Кровельщиком Шмерль стал благодаря персту божьему. Перст указал ему куда-то вверх, где что-то громыхало. Он поднял голову и увидел людей, латающих крышу синагоги. Было это в пыльном городке Жмеринка, где Шмерль родился, откуда и на войну пошел, куда и вернулся с негнущейся ногой, точь в точь как у сверстника Зямы Гердта, о существовании которого Шмерль узнал, как и все мы, из кино.

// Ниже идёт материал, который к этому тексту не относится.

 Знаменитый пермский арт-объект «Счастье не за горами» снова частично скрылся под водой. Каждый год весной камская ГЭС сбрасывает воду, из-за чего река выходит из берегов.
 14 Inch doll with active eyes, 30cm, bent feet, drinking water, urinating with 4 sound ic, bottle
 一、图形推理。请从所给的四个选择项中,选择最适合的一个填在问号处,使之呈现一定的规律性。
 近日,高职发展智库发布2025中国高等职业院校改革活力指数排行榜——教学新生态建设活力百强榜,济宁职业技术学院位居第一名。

Узнав, удивился: это ж надо, до чего похож...
Так вот, в то лето у синагоги стоял ребе Ицхак и сердито смотрел вверх. Что-то ему там не нравилось. Шмерль заслонился ладонью от солнца и тоже всмотрелся. Ребе и это не понравилось.
— Ну, и чего бы ты без дела топтался, а? На, сходи, купи две бутылки водки.

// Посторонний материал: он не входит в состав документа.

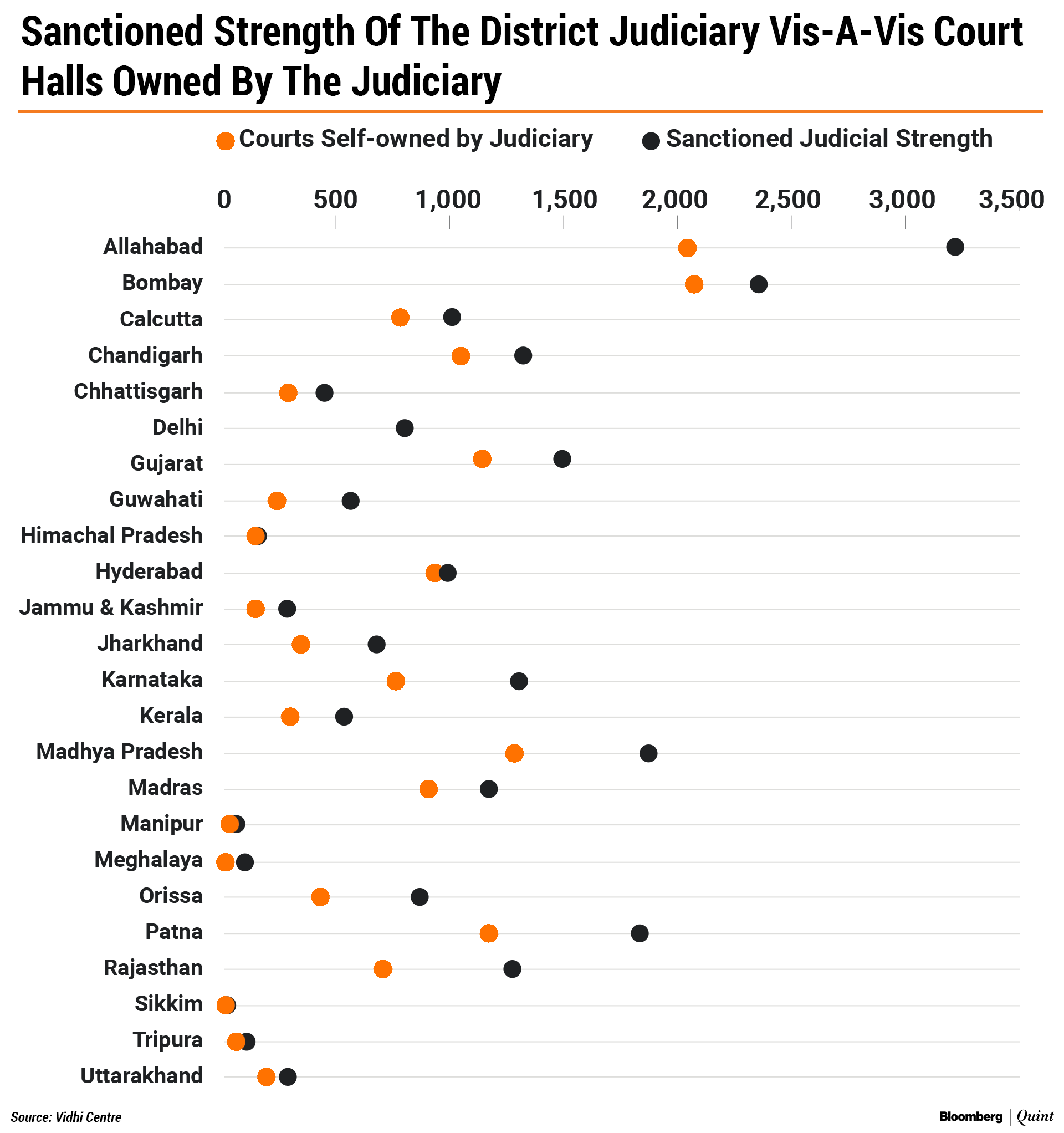 It is often suggested that the judiciary in India is unable to clear the backlog of cases because of a lack of judges, especially at the level of the district judiciary which is the first point of contact for most litigants in India. One of the reasons for judicial vacancies at the district level is the lack of courtrooms to seat judges. Against the sanctioned strength of 22,750 judges for the lower judiciary, the judiciary owns only 15,042 courtrooms (as per figures provided by the Department of Justice). Another 3,402 courtrooms function out of rented buildings and are subject to the lessor's whims. The shortage is, therefore, at 7,708 courtrooms, presuming we do not want judges functioning out of rented premises. Creating physical infrastructure is fundamental to decreasing backlogs.

Шмерль купил, а потом поднялся на крышу, отдать работягам купленное. Поднялся и на всю жизнь там остался. Ибо жизнь на крыше оказалась совершенно замечательной!
Можно было бы литературно приврать, что там, на крыше, человек как бы приподымался над мирской суетой и даже над самим собой... Нет, просто там оказался совсем другой воздух, в нем не было запахов помойки и кипящего в баках белья, оттуда можно было наблюдать соседние дворы и жизнь в них, а то, что не хотелось наблюдать, было целомудренно прикрыто кронами вишен и акации. А вот те, кто внизу, не могли видеть, как ты волочишь негнущуюся ногу, не могли слышать, что ты там себе нескладно напеваешь.
Профессия кровельщика в эпоху тихого воровства, когда ловкие люди на смешную зарплату умудрялись строить себе солидные дома, давала хороший заработок. К тому же Шмерль так познал свою профессию, что был нарасхват, и так полюбил ее, что это стало вызывать недоумение соседей — в тридцать с гаком лет он все еще не был женат, каким-то непостижимым образом умудряясь выскальзывать из рук местечковых свах, предлагавших Шмерлю по мере роста его благостостояния варианты один лучше другого. А когда он отверг и первую красавицу Дору, дочь самого Пильского, свахи дружно поставили окончательный диагноз: “Идиот!”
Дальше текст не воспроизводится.